EXERCISE DATA:
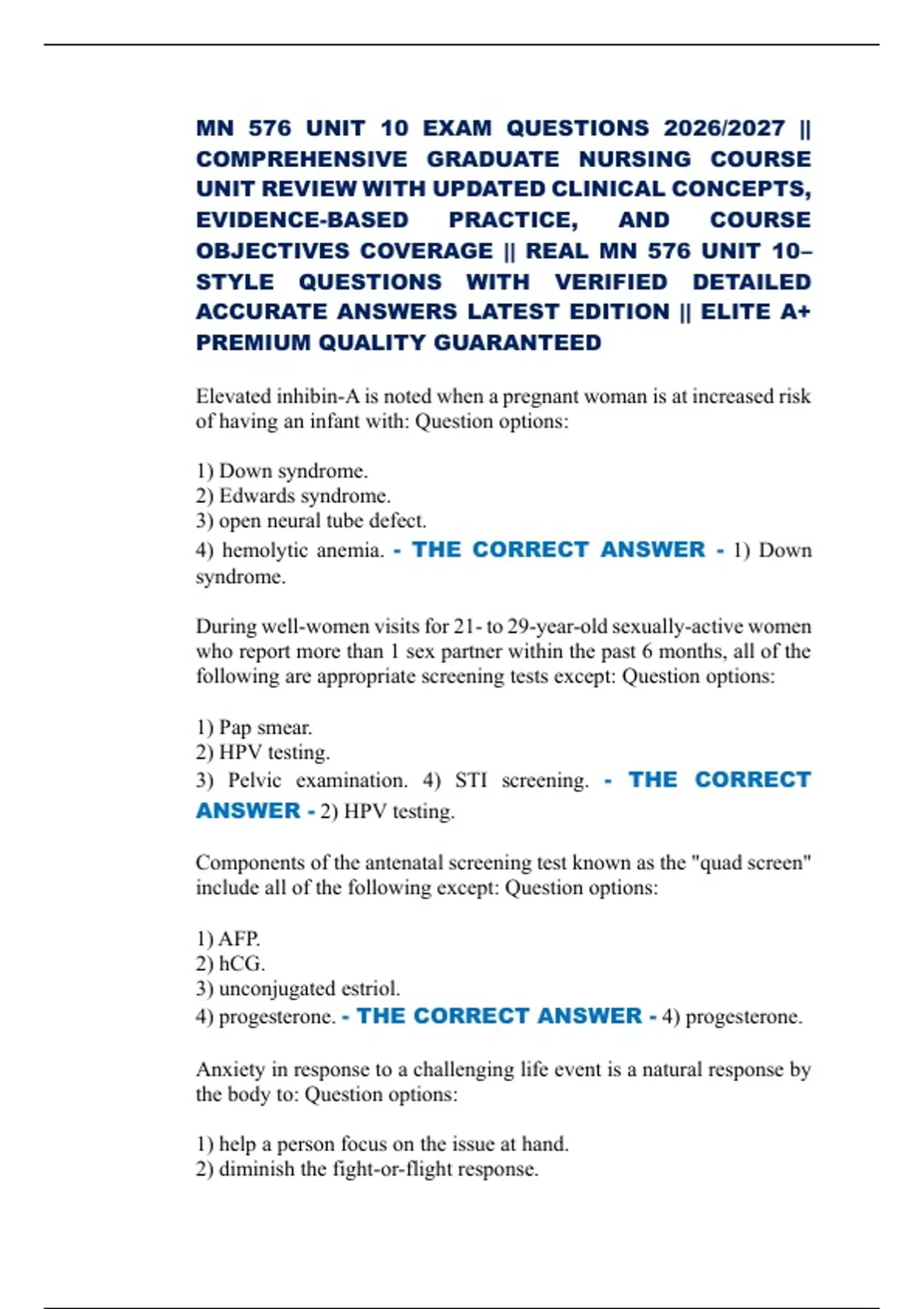 MN 576 UNIT 10 EXAM QUESTIONS 2026/2027 || COMPREHENSIVE GRADUATE NURSING COURSE UNIT REVIEW WITH UPDATED CLINICAL CONCEPTS, EVIDENCE-BASED PRACTICE, AND COURSE OBJECTIVES COVERAGE || REAL MN 576 UNIT 10–STYLE QUESTIONS WITH VERIFIED DETAILED ACCURATE ANSWERS LATEST EDITION || ELITE A+ PREMIUM QUALITY GUARANTEED Elevated inhibin-A is noted when a pregnant woman is at increased risk of having an infant with: Question options: 1) Down syndrome. 2) Edwards syndrome. 3) open neural tube defect. 4) hemolytic anemia. - THE CORRECT ANSWER - 1) Down syndrome. During well-women visits for 21- to 29-year-old sexually-active women who report more than 1 sex partner within the past 6 months, all of the following are appropriate screening tests except: Question options: 1) Pap smear. 2) HPV testing. 3) Pelvic examination. 4) STI screening. - THE CORRECT ANSWER - 2) HPV testing.
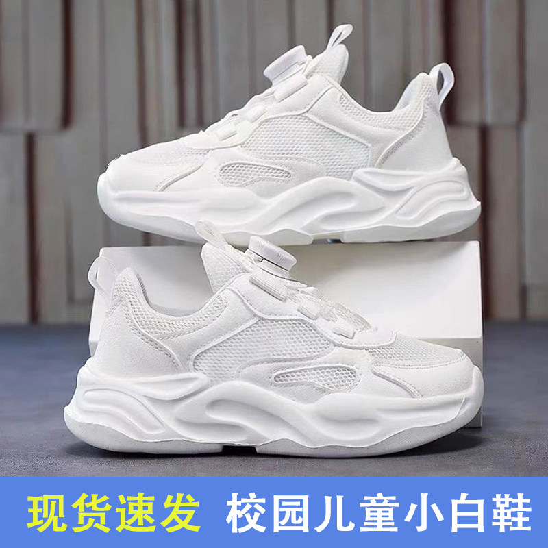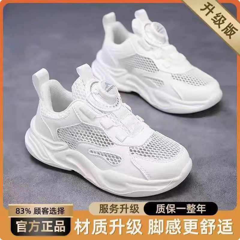 儿童鞋男运动鞋学生小白鞋2026夏季新款网面透气防滑旋转纽扣童鞋
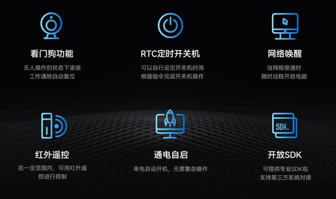 K8·凯发主板IB3-771配置了无人值守专利技术,大力降低因高算力带来的能源消耗,该技术通过定时开关机、看门狗计时器、RTC宕机自检、红外遥控和局域网唤醒等功能实现主板绿色运行。
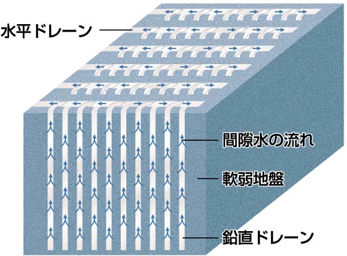 PDF工法では連結フロートを使用することで,水上・泥土を問わずに鉛直ドレーンを打設することができます。また,泥上施工においては,トラフィカビリティ確保のための固化処理,サンドマットの敷設が必要ありません。さらに水平ドレーンを組み合わせることでサンドマットの代替とすることができます。
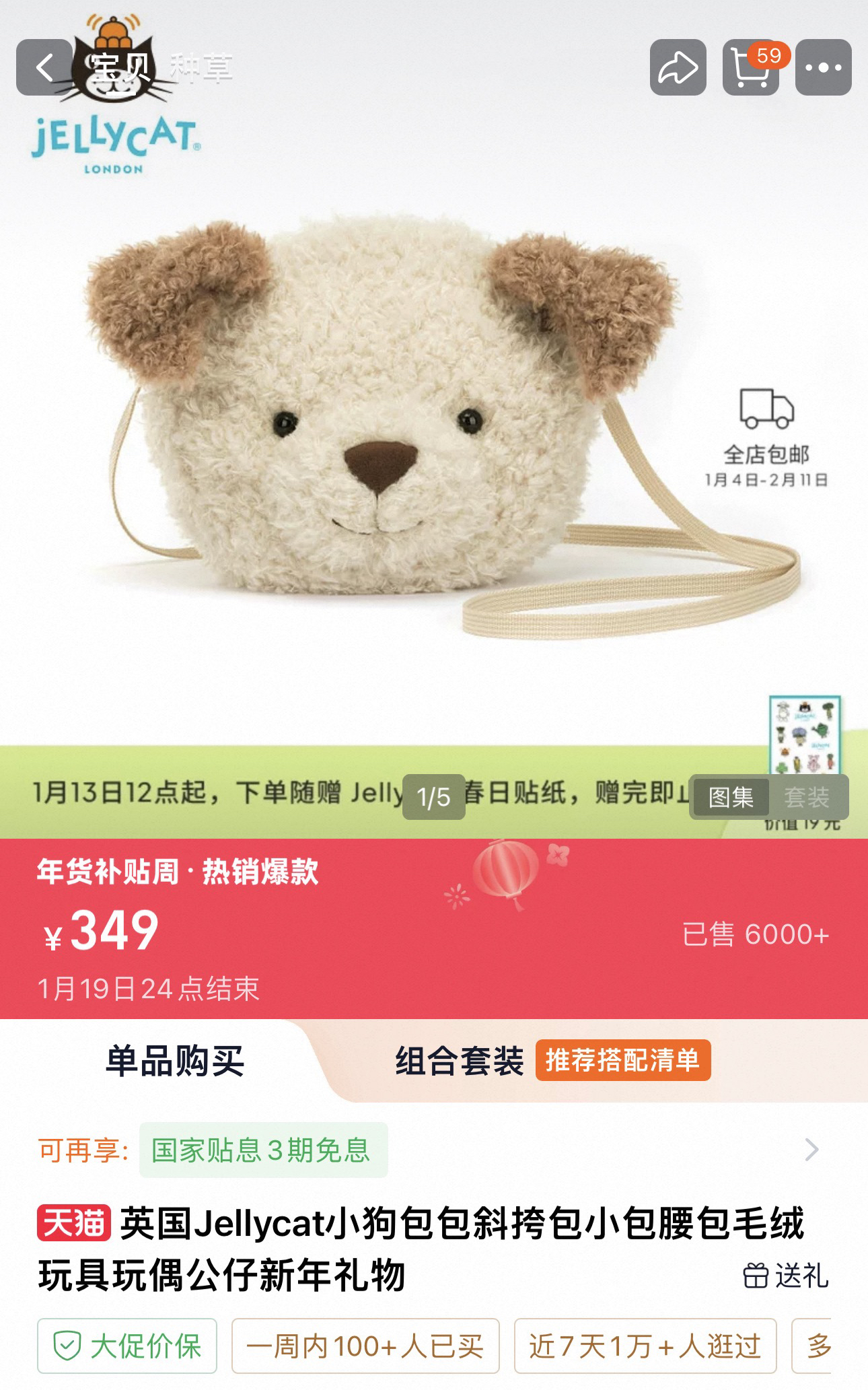 顺丰包邮 已入库 国内代工厂订单剩余,原单 JeeLYCAT萌宠毛绒斜挎包~官网在售340 已热销6000➕🔥 其火爆不用多说了,同步两款 标牌齐全 推荐自留 可直接送人!
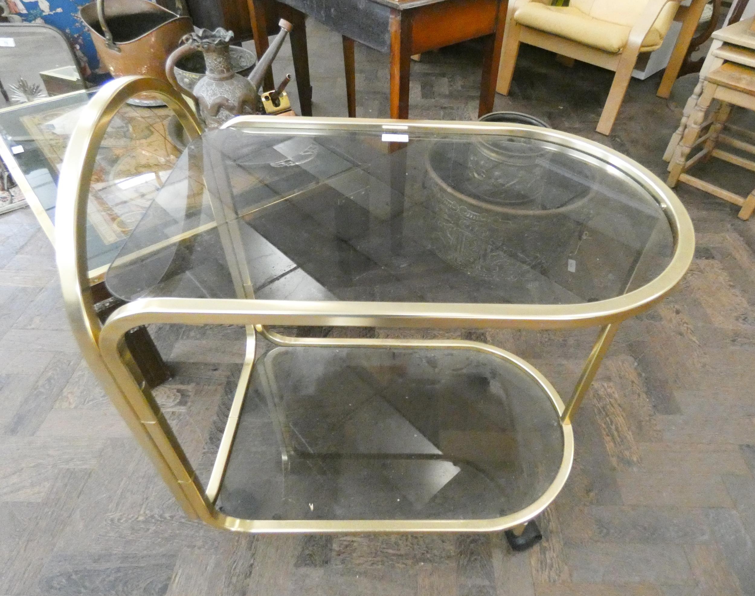 A gilt metal two tier drinks trolley
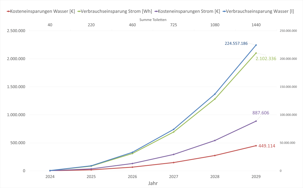 - Kreislaufwirtschaft: Einsatz von 92 % recycelbaren Materialien in den Toilettensystemen.
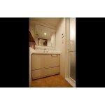 ウッド調を匂わせるカラーリングで統一したサニタリー
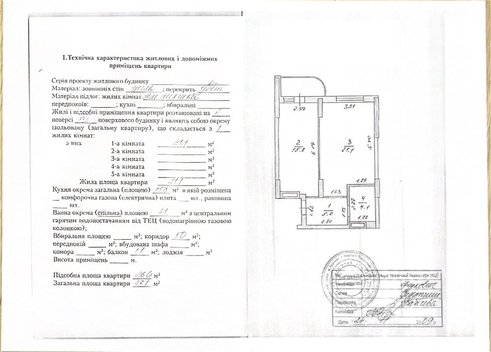 * Планування: окрема кімната, велика кухня, санвузол, коридор, балкон (планування додається), вікна виходять у двір П-будинку
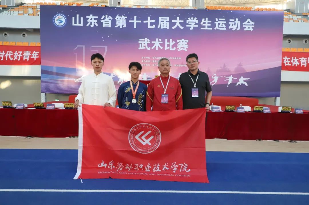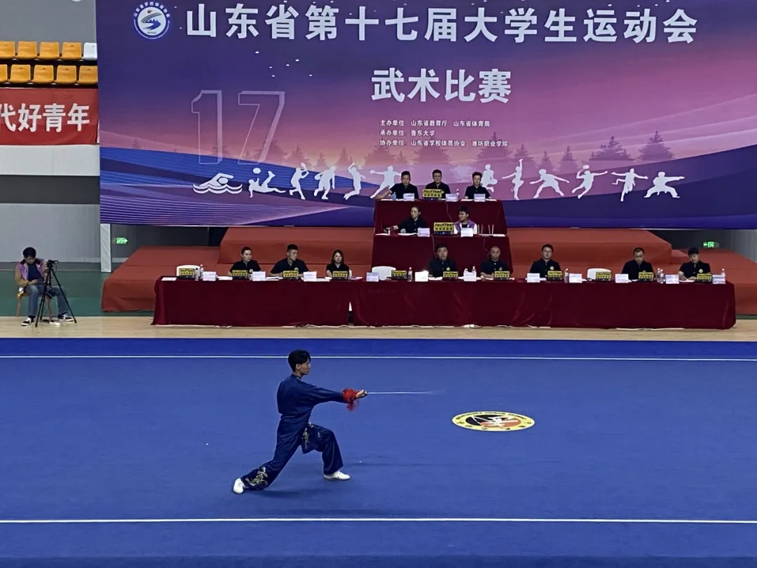 9月20日至25日,山东省第十七届大学生运动会武术比赛在潍坊职业学院体育馆举行,我院武术代表队在基础(体育)教学部张淼副主任及赵为民老师的带领下参加了比赛,最终汽车工程系刘献尊同学取得了乙组太极拳第二名、乙组太极剑第五名,苏晓鹏同学取得乙组太极剑第七名,两人还取得乙组对练第七名的好成绩,学院获得体育道德风尚运动队荣誉。这是我院第一次参加山东省大学生运动会武术比赛,并获得奖牌。
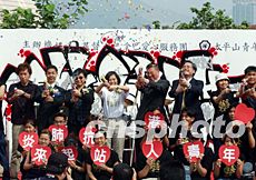 香港基督教巴拿巴愛心服務(wù)團(tuán)及太平山青年商會聯(lián)合舉辦的“動(dòng)感青年放光芒”活動(dòng),4月27日在文化中心舉行,主禮嘉賓及動(dòng)感青年在開幕儀式上,表達(dá)對香港的愛心和關(guān)懷,傳遞一分光和熱,祝福前線醫(yī)護(hù)人員。洪少葵 攝
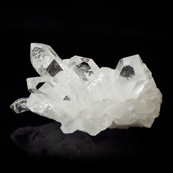 ブラジル トマスゴンサガ産 の水晶クラスターです。トマスゴンサガ産の水晶の特徴は、照りと艶。 光沢が強いため、驚くほどキラキラとしています。 また、水晶柱が放射線状に伸びて立体的な構造を作っているものが多く、「これぞ、水晶クラスター」という形状をしています。 非常に透明度の高い大小様々な結晶が複雑に絡み合い、見る角度によって様々な表情を見せる大変美しいクラスターです。
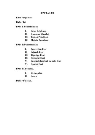 Esai adalah karangan karya tulis ilmiah pendek mengenai cara pandang seseorang dalam menyikapi suatu rumusan masalah dengan didasari pada landasan teori latar belakang dan cara pendangnya menyikapi hasil tulisan yang akan dibuat. Contoh tinjauan pustaka ini hanya sebgian saja. Rumusan masalah ini nantinya digunakan untuk dapat menyimpulkan hasil analisis dari paper yang.
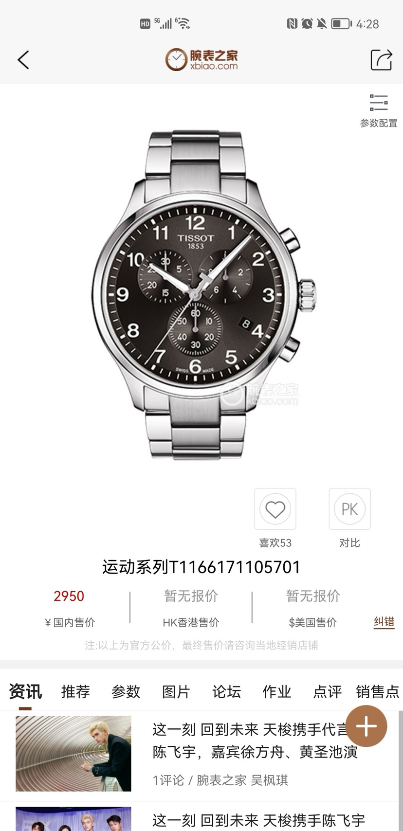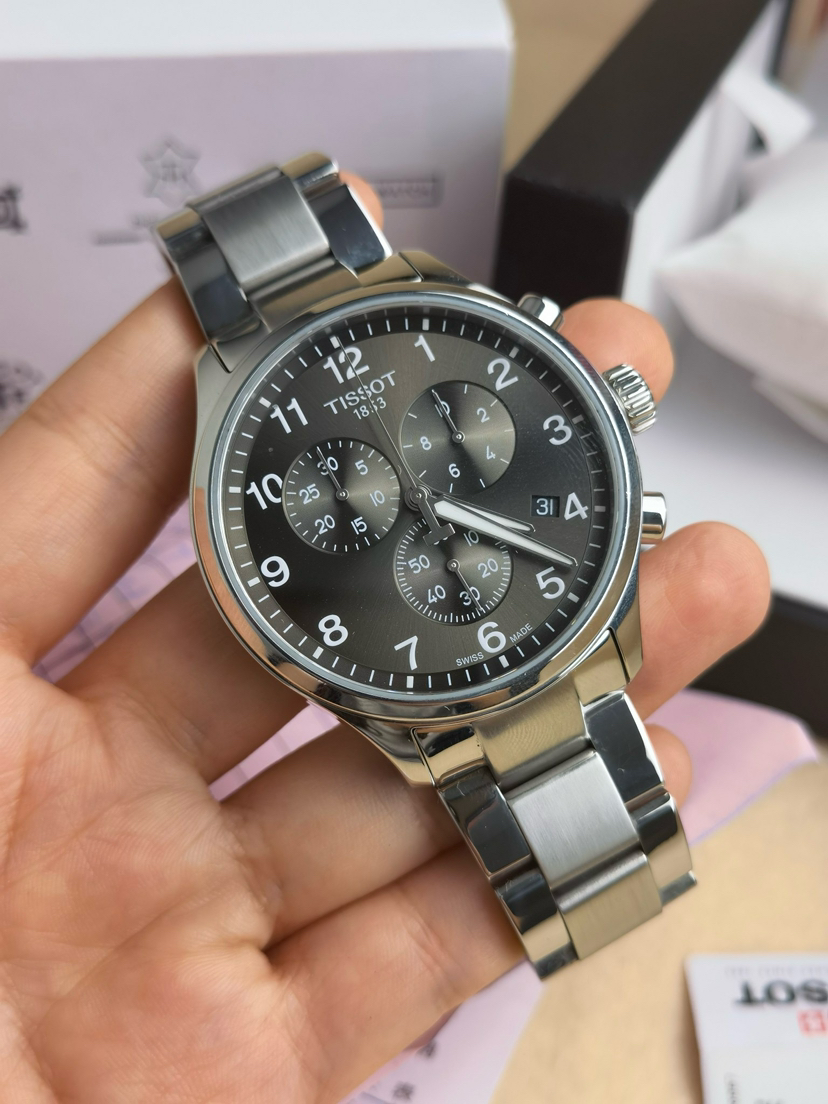 天梭运动系列T1166171105701石英男士腕表 表径42mm,搭配三眼计时表盘,高级灰色盘面,时尚又不失大气,专柜原价2950,现好价
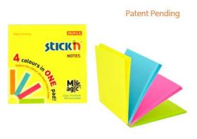 Блок самоклеящийся бумажный Stick`n Magic 21573 76x127мм 100лист. 70г / м2 неон 4цв.в упак.

PROBLEM DESCRIPTION:
Exercise for the records above: copy only the lines from the one with "PDF工法では連結フロートを" to the one with "A gilt metal two tier drinks trolley", both ends kept, and drop the pictures.

ANSWER SECTION:
 PDF工法では連結フロートを使用することで,水上・泥土を問わずに鉛直ドレーンを打設することができます。また,泥上施工においては,トラフィカビリティ確保のための固化処理,サンドマットの敷設が必要ありません。さらに水平ドレーンを組み合わせることでサンドマットの代替とすることができます。
 顺丰包邮 已入库 国内代工厂订单剩余,原单 JeeLYCAT萌宠毛绒斜挎包~官网在售340 已热销6000➕🔥 其火爆不用多说了,同步两款 标牌齐全 推荐自留 可直接送人!
 A gilt metal two tier drinks trolley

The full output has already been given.